One classifies $\varvec{x}_0$ into $\Pi _1$ if ${y}_{{\mathrm{BC}}}(\varvec{x}_0)<0$ and into $ \Pi _2$ otherwise. Then, from Lemma 2 and (11), we have the following result.

Theorem 2

For the BC-DWD, (8) holds under (C-i) and (C-ii).

We emphasize that the BC-DWD enjoys the asymptotic consistency without assuming (C-iii). See Sect. 5 for numerical comparisons.

4 WDWD and its asymptotic properties

Qiao et al. (2010) developed the WDWD to overcome the weakness of the DWD for sample imbalance. The optimization problem of the WDWD is as follows:

$$\begin{aligned}&\min _{{{\varvec{w}}},b} \left\{ W(-1)\sum _{j=1}^{n_1}\frac{1}{r_j} +W(+1)\sum _{j=n_1+1}^{N}\frac{1}{r_j} \right\} \\&\text{ subject } \text{ to } r_j=t_j(\varvec{w}^{\mathrm{T}}\varvec{x}_j+ b)>0,\quad j=1,\ldots ,N, \text{ and } \Vert \varvec{w}\Vert {\le }1 \end{aligned}$$

with $W(-1)\ (>0)$ and $W(+1)\ (>0)$ some weights. In this paper, we assume $W(-1)=1$ without loss of generality.

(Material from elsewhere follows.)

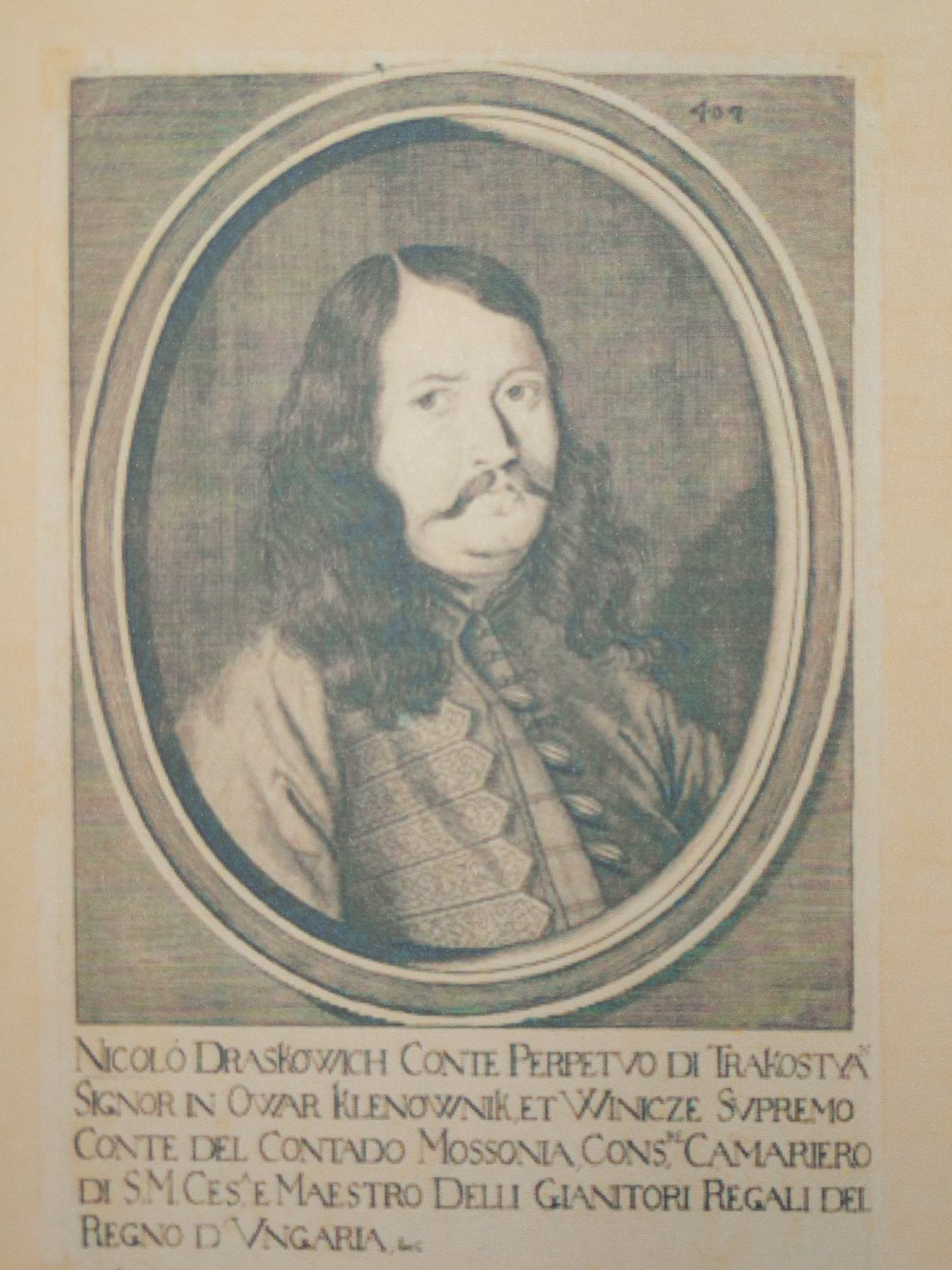 Nikola (Nicholas) II Drašković Trakošćanski (Drashkovich of Trakostjan) (*c.1625 - †1687), Count of Trakošćan, Croatian nobleman, royal counsellor

We also assume that

$$\begin{aligned} \liminf _{d\rightarrow \infty }W(+1)>0 \quad \text{ and } \quad \limsup _{d\rightarrow \infty }W(+1)<\infty . \end{aligned}$$

Then, similar to the DWD, the dual optimization problem is written as follows:

$$\begin{aligned} \max _{ {\varvec{\alpha }}}L_{{\mathrm{W}}}(\varvec{\alpha }) \end{aligned}$$

subject to (4), where

$$\begin{aligned} L_{{\mathrm{W}}}(\varvec{\alpha })=2\sum _{j=1}^{n_1}\sqrt{\alpha _j} +2\sum _{j=n_1+1}^{N}\sqrt{W(+1)\alpha _j} -\sqrt{K(\varvec{\alpha })}. \end{aligned}$$

Let us write that

$$\begin{aligned} {\hat{\varvec{\alpha }}}_{{\mathrm{W}}}=({\hat{\alpha }}_{1{\mathrm{W}}},\ldots ,{\hat{\alpha }}_{N{\mathrm{W}}})^{\mathrm{T}}=\mathop {\hbox {argmax}}\limits _{ {\varvec{\alpha }}}L_{{\mathrm{W}}}(\varvec{\alpha })\ \text{ subject } \text{ to } (4). \end{aligned}$$

Similar to the DWD, we obtain the classifier function of the WDWD:

$$\begin{aligned} {y}_{{\mathrm{W}}}(\varvec{x}_0) ={\hat{\varvec{w}}}_{{\mathrm{W}}}^{\mathrm{T}}\varvec{x}_0+{\hat{b}}_{{\mathrm{W}}}, \end{aligned}$$

where

$$\begin{aligned} {\hat{\varvec{w}}}_{{\mathrm{W}}} =\frac{1}{\sqrt{K({\hat{\varvec{\alpha }}}_{{\mathrm{W}}})}} \sum _{j=1}^N{\hat{\alpha }}_{j{\mathrm{W}}} t_j\varvec{x}_j \end{aligned}$$

and

$$\begin{aligned} {\hat{b}}_{{\mathrm{W}}}= & {} \frac{1}{N}\sum _{j=1}^{n_1} \left( -\sqrt{\frac{1}{{\hat{\alpha }}_{j{\mathrm{W}}}}}-{\hat{\varvec{w}}}_{{\mathrm{W}}}^{\mathrm{T}}\varvec{x}_j\right) \nonumber \\&+\frac{1}{N}\sum _{j=n_1+1}^{N} \left( \sqrt{\frac{W(+1)}{{\hat{\alpha }}_{j{\mathrm{W}}}}}-{\hat{\varvec{w}}}_{{\mathrm{W}}}^{\mathrm{T}}\varvec{x}_j\right) . \end{aligned}$$

Then, one classifies $\varvec{x}_0$ into $\Pi _1$ if ${y}_{{\mathrm{W}}}(\varvec{x}_0)<0$ and into $ \Pi _2$ otherwise.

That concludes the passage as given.